Since the entire debacle with Joe Rogan and the protests against Covid-19 misinformation, many users have decided to boycott Spotify, while others are tracking the emergence of alternative options. Recently, the company made headlines once again by choosing to stop the production of its in-car streaming service called Car Thing.
Although CEO Daniel Ek had described Car Thing as a “massive opportunity” last year, Spotify has halted the service’s development, resulting in a hefty €31million charge. This was revealed in the Q2 reports, where the company had an operating loss of €194million.
Initially, Car Thing was conceptualised as a stereo designed for streaming music and podcasts through Spotify. After multiple trials and public testing, Car Thing had a wider release in February, but the company has already decided that this service is not a viable option and has chosen to halt production instead.

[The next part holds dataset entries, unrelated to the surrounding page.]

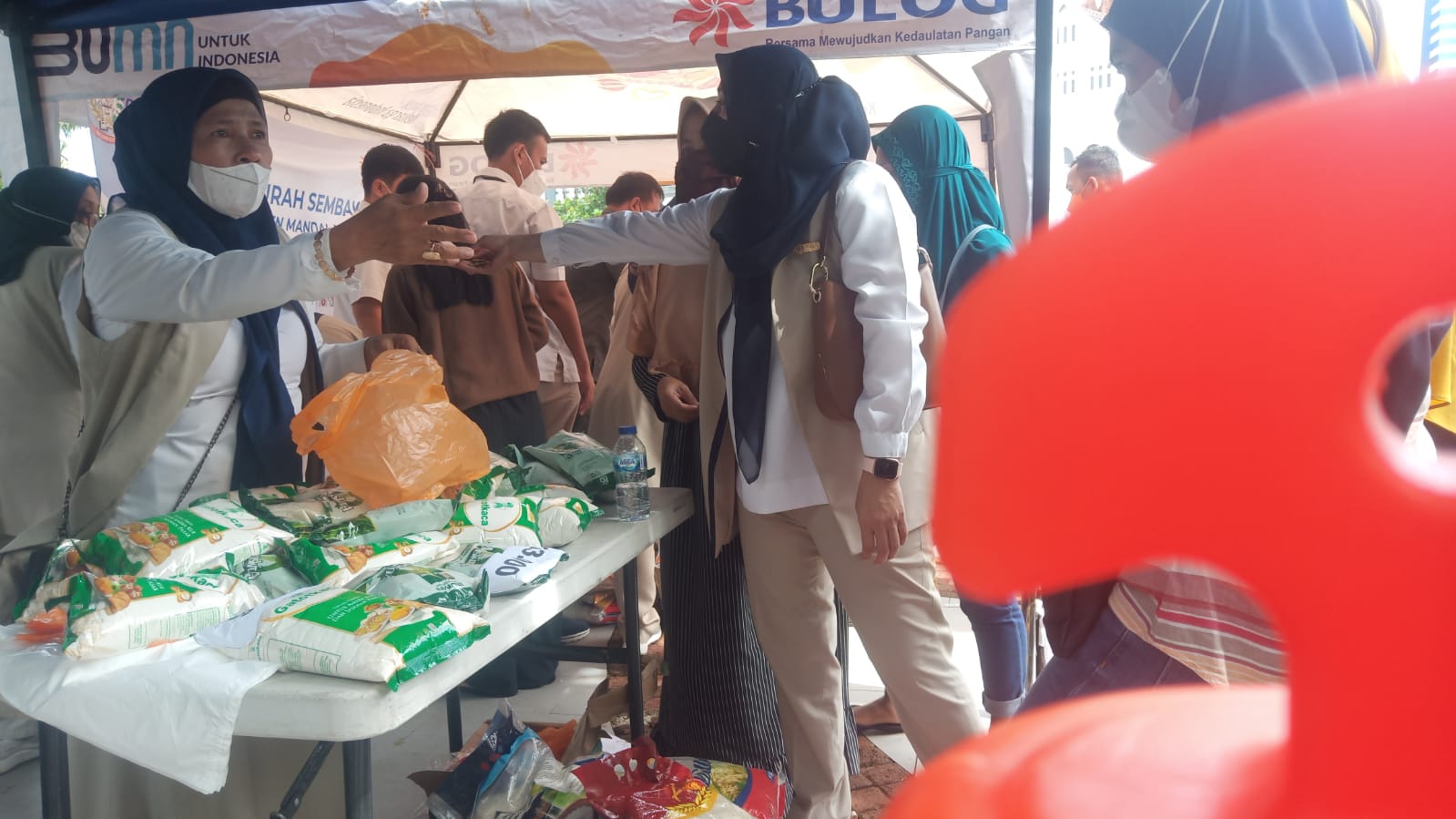 Sementara pantauan langsung AMBAE di booth penjualan, panitia menjual gula pasir merek ‘Maniskita’ kapasitas 1 Kg seharga Rp 13.000. Beras merek ‘Beraskita’ dengan kapasitas 10 Kg seharga Rp 102.000, sedangkan kapasitas 5 Kg dihargai Rp 49.000 untuk beras bermerek ‘Tani Makmur’.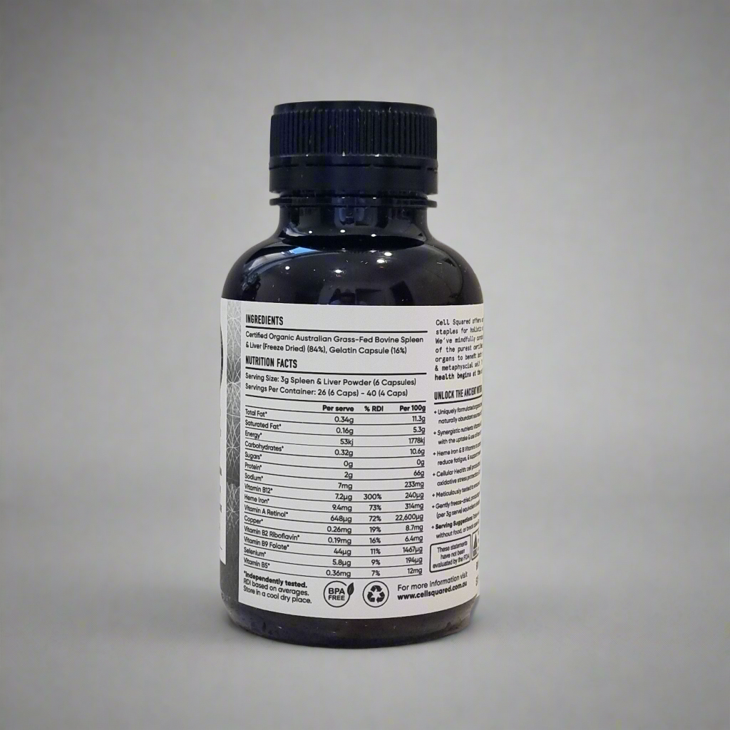 Organic Grass-Fed Beef Spleen & Liver Capsules – Nutrient-Dense Organ Support | Cell Squared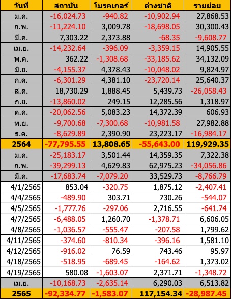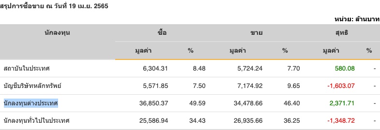 Sinthorn Summary 19/4/2565 : ต่างชาติซื้อสุทธิ 2,371.71 ลบ.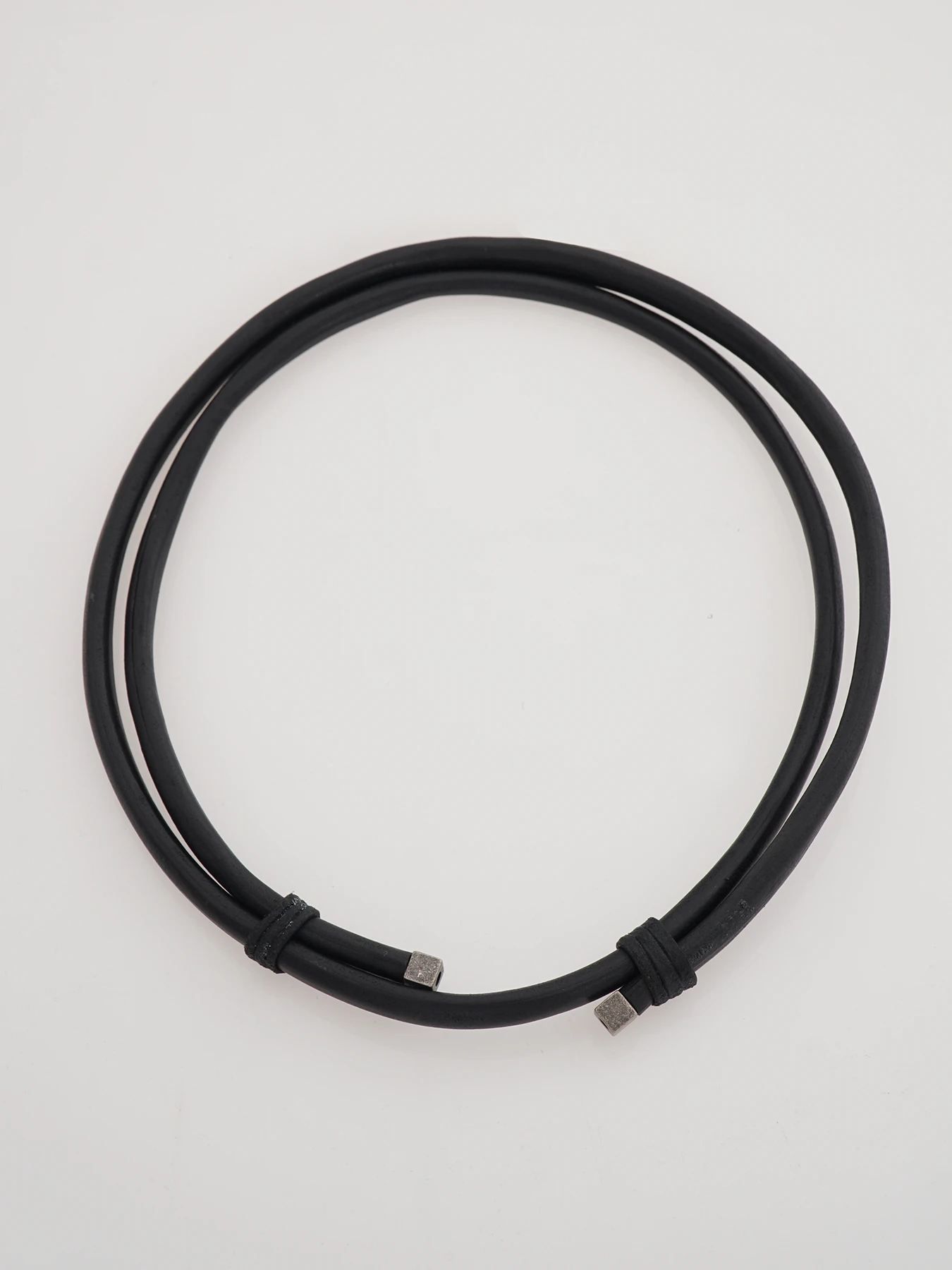 Кожаный черный шнур — лаконичный шейный аксессуар для подвесов: гладкий кожаный шнур лежит спокойно, а металлические наконечники добавляют чуть-чуть графики и «собранности» образу.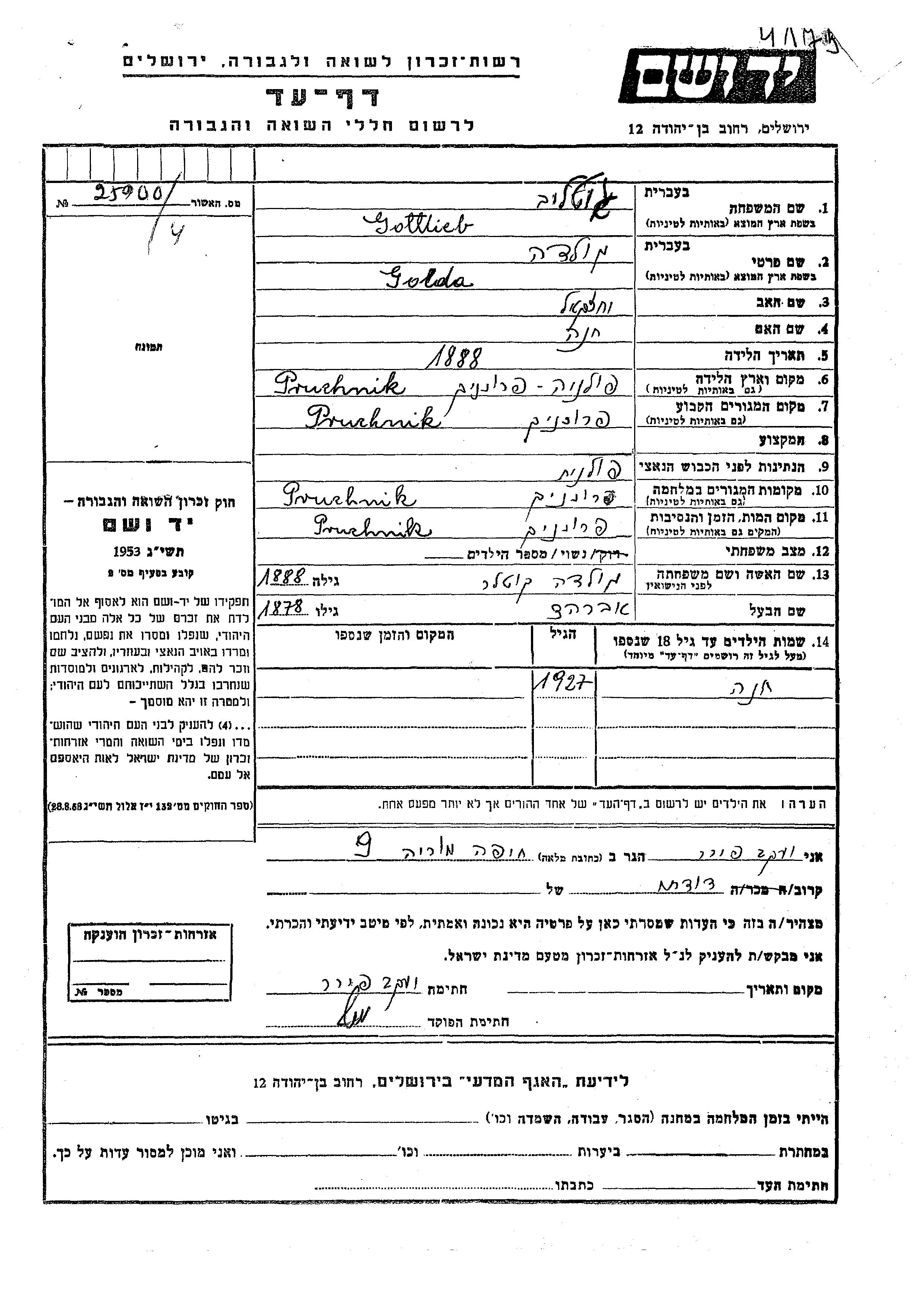 Gotlib Golda 1888 Pruchnik, Pologne Feuille de témoignage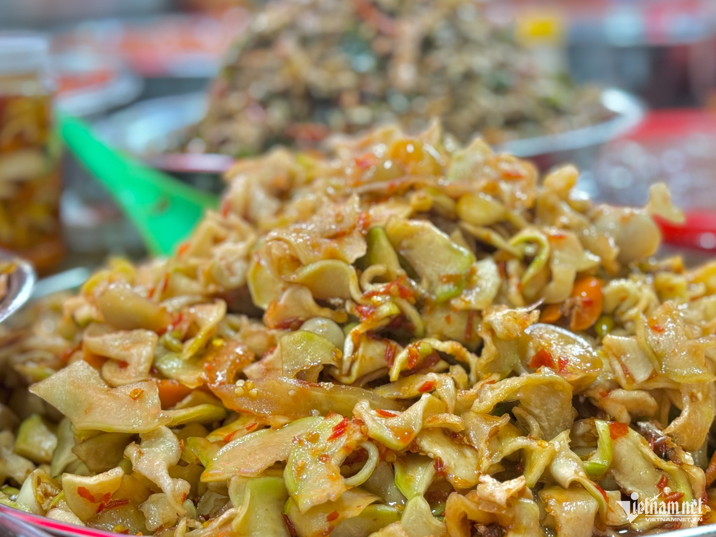 Dạo quanh khu chợ, du khách cũng dễ bị thu hút bởi các loại mắm dưa, có đủ vị chua, cay, mặn, ngọt. Mắm dưa có thể được làm từ dưa gang, cà pháo hay đu đủ xanh. Miếng dưa có độ giòn, khi nhai rôm rốp. Đây là món ăn quen thuộc trong bữa cơm của người Huế.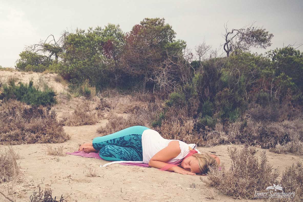 - Then turn to your left side, get into embryo pose by hugging your knees and send yourself some love.
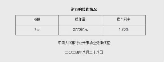 核心提示:8月28日,央行以固定利率、數(shù)量招標方式開展了2773億元7天期逆回購操作,操作利率1.70%,與此前持平。8月28日,央行以固定利率、數(shù)量招標方式開展了2773億元7天期逆回購操作,操作利率1.70%,與此前持平。

While explaining the decision, Daniel Ek said: “We just can’t get it to an attractive economical profile. So we decided to terminate this program in light of that.” Another reason behind the downfall of Spotify’s Car Thing was the severe competition from other services offered by tech giants such as Apple.
CFO Paul Vogel commented: “First, we tested a number of price points, and we frankly haven’t seen the volume at the higher prices that would make the current product financially viable. Second, rising inflation and component costs, coupled with the expanded lead time needed to order parts, has significantly altered the risk-reward of continuing to lean into further product development.”